Hadoop is a distributed system infrastructure under the Apache Foundation. It has two core components: Distributed File System HDFS, which stores files on all storage nodes in the hadoop cluster; it consists of namenode and datanode. the distributed computing engine mapreduce is composed of jobtracker and tasktracker.
Hadoop allows you to easily develop distributed applications based on your business needs without understanding the underlying details of the distributed system.Program. In actual hadoop applications, multiple applications often share hadoop, for example:
- Productive applications: data analysis and statistical computing;
- Batch Processing Applications: machine learning, etc;
- Interactive applications: SQL queries.
Therefore, in a hadoop cluster, multiple jobs may run simultaneously. Different types of jobs may also have dependencies between jobs, in this case, how can we make full use of the computing resources of the entire cluster? This requires a Job scheduler to effectively schedule and execute jobs in the entire cluster.
The hadoop Job scheduler is designed with a plug-in mechanism, that is, the Job scheduler is dynamically loaded and pluggable, at the same time, third parties can develop their own job schedulers to replace hadoop's default schedulers. Currently, hadoop job schedulers mainly include the following three:
- FIFO scheduler : uses a FIFO queue for scheduling. Based on this, hadoop also provides an extended scheduler, for each job tasks the total number is limited . The advantage is that the implementation is very simple and the scheduling process is fast; the disadvantage is that the resource utilization is not high.
- Capacity schedity:Multiple queues are used, and each queue is allocated with a certain system capacity. idle resources can be dynamically allocated to load-intensive queues and support job priority. The advantage is that multiple jobs can be executed concurrently to improve resource utilization, dynamically adjusts resource allocation to improve job execution efficiency. The disadvantage is that you need to know a large amount of system information before Set and Select queue.
- Fair Scheduler:Create a job group into a job pool. Each job pool allocates the minimum shared resources and distributes the excess resources evenly to each job.
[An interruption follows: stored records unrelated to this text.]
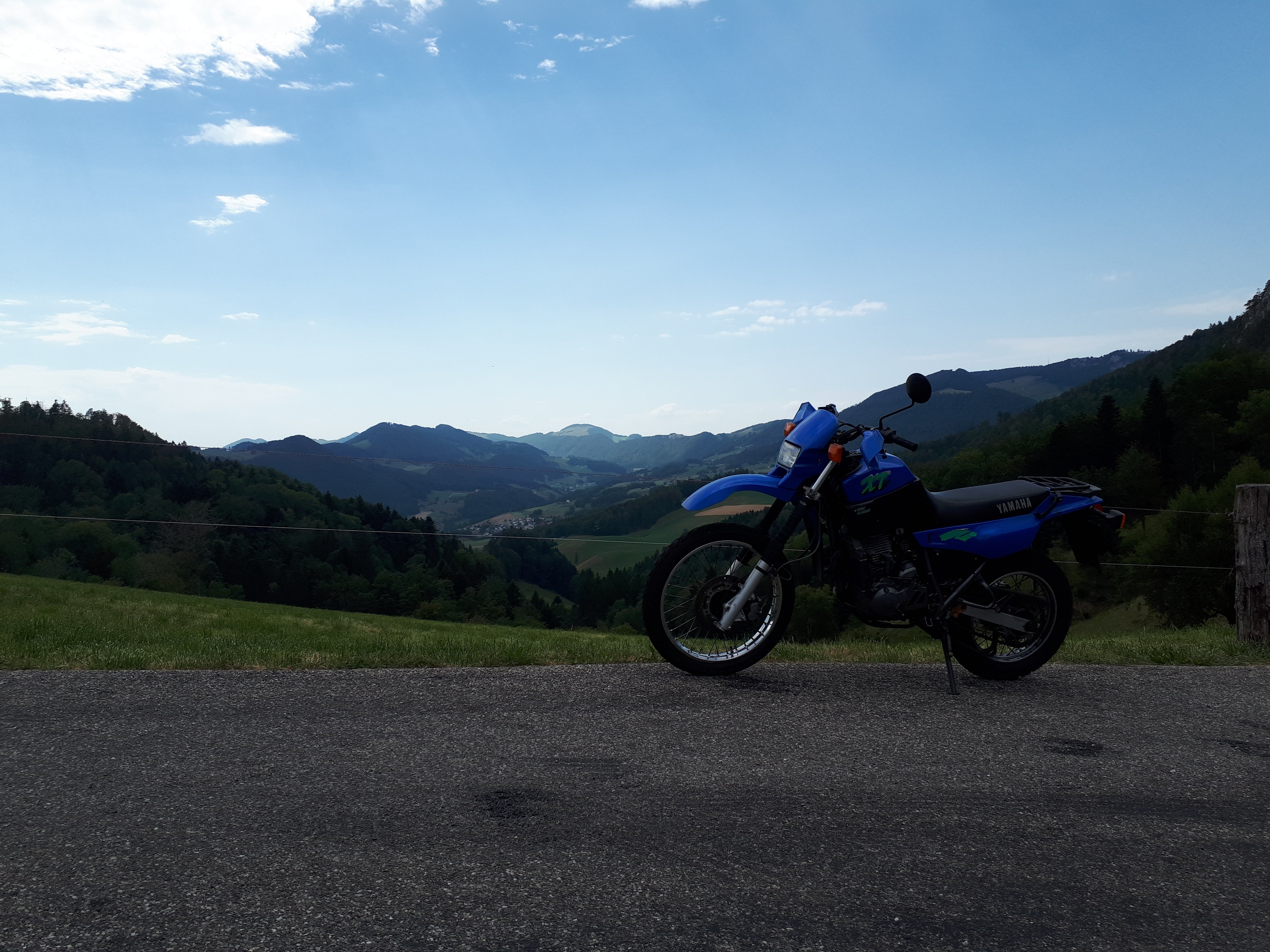 Viel zu heiss für aufs Motorrad sitzen? Ja eigentlich schon, wenn dann hätte man am Morgen früh los müssen. Das Bett war jedoch zu gemütlich und die Müdigkeit zu gross. So war ich um 2 Uhr immer noch nicht auf dem Motorrad. Ein kurzer blick zu meiner XT, die vor der Tür stand, reichte dass ich mich doch noch auf das Motorrad schwang und eine kurze Tour unternahm. Die Angsstreifen am Hinterreifen sind noch viel zu gross also mussten schon ein paar schöne Kurven dabei sein. So entschied ich mich über den Passwang(984m), mein "Hausberg",in Richtugn Langenbruck zu fahren. Es hatte herrlich wenig Verkehr und ich konnte die Yamaha XT endlich mal ausfahren so wie es mir Freude macht. Vor Langenbruck machte ich dann noch einen kurzen Fotostopp auf der Breitehöchi(845m).
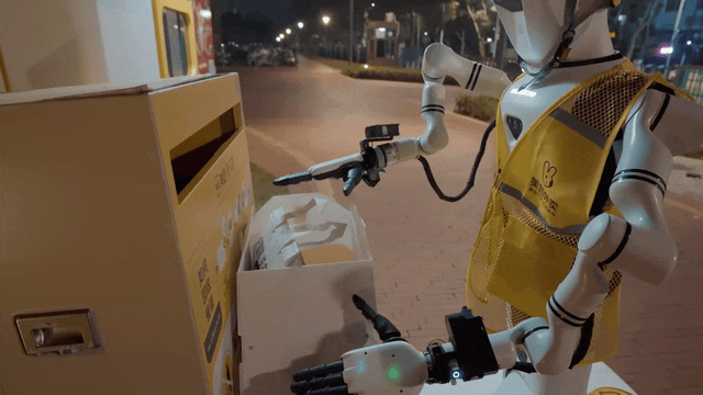 视频里,一个穿着黄色马甲的机器人在夜晚独自完成了一整套外卖配送任务:先是拆开外卖回收箱、取出外卖袋、把空箱子折叠好投进回收口,然后拎着外卖袋走到办公楼,自己按电梯、坐电梯上楼,最终把东西送到3楼目的地。
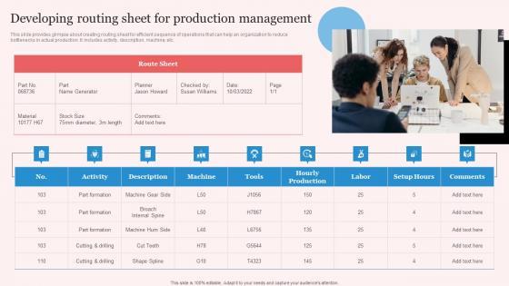 This slide provides glimpse about creating routing sheet for efficient sequence of operations that can help an organization to reduce bottlenecks in actual production. It includes activity, description, machine, etc. This Effective Manufacturing Planning And Control Administration System Developing Routing Sheet Download PDF from Slidegeeks makes it easy to present information on your topic with precision. It provides customization options, so you can make changes to the colors, design, graphics, or any other component to create a unique layout. It is also available for immediate download, so you can begin using it right away. Slidegeeks has done good research to ensure that you have everything you need to make your presentation stand out. Make a name out there for a brilliant performance.

The advantage is that jobs can be classified and scheduled, different types of jobs are allocated with different resources to improve service quality, dynamically adjust the number of parallel jobs, and make full use of resources. The disadvantage is that the actual load status of nodes is not considered, the node load is not balanced.
although the Job scheduler provided by hadoop is simple and used, analyzing its principles is not difficult the following problems are found (some problems may exist capacity schedity and fair scheduler has not been considered or well solved ), for discussion:
- Long jobs and short jobs are not clearly differentiated: Long jobs generally need to ensure the quality of service, while short jobs require a short enough response time, but the FIFO scheduler does not consider differentiation (Facebook'sFair Scheduler).
- Not fully considering the actual computing load of each computing node tasknode: In the FIFO scheduler, jobtracker completely follows MAP/reduce Slots allocation of tasknode MAP/reduce jobs run, but each Task Node Actual load, Jobtracker is rarely considered. One way is The heartbeat between jobtracker and tasktracker, Tasktracker actively reports its real-time load information Jobtracker To Jobtracker comprehensively considers whether to allocate a new MAP/reduce Job.
- Resource allocation and actual usage of each node on the virtualization platform are not considered: If hadoop is deployed and applied on the virtualization platform, each VM is a hadoop node, different VMS on the same physical machine and on different physical machines need to be treated differently, these VMS may be pre-allocated with CPU, memory, disk, and other resources, but there may also be resource contention at the same time, which will affect the usage of these VMS as hadoopUsed separately when computing node tasknodeThe allocation method of MAP/reduce slots is not reasonable enough. A task running on a VM may lag behind the entire job. In addition, some virtualization features (such as the real-time migration technology of virtual machines to balance the load on physical machines, which is transparent to upper-layer applications of hadoop) can also be considered for applications in hadoop clusters.
-
- Dependency Analysis Between jobs is not supported: If key paths can be found based on dependencies between jobs, the execution efficiency and response speed of jobs can be improved.
here are just a few questions listed based on your understanding. You are welcome to discuss them.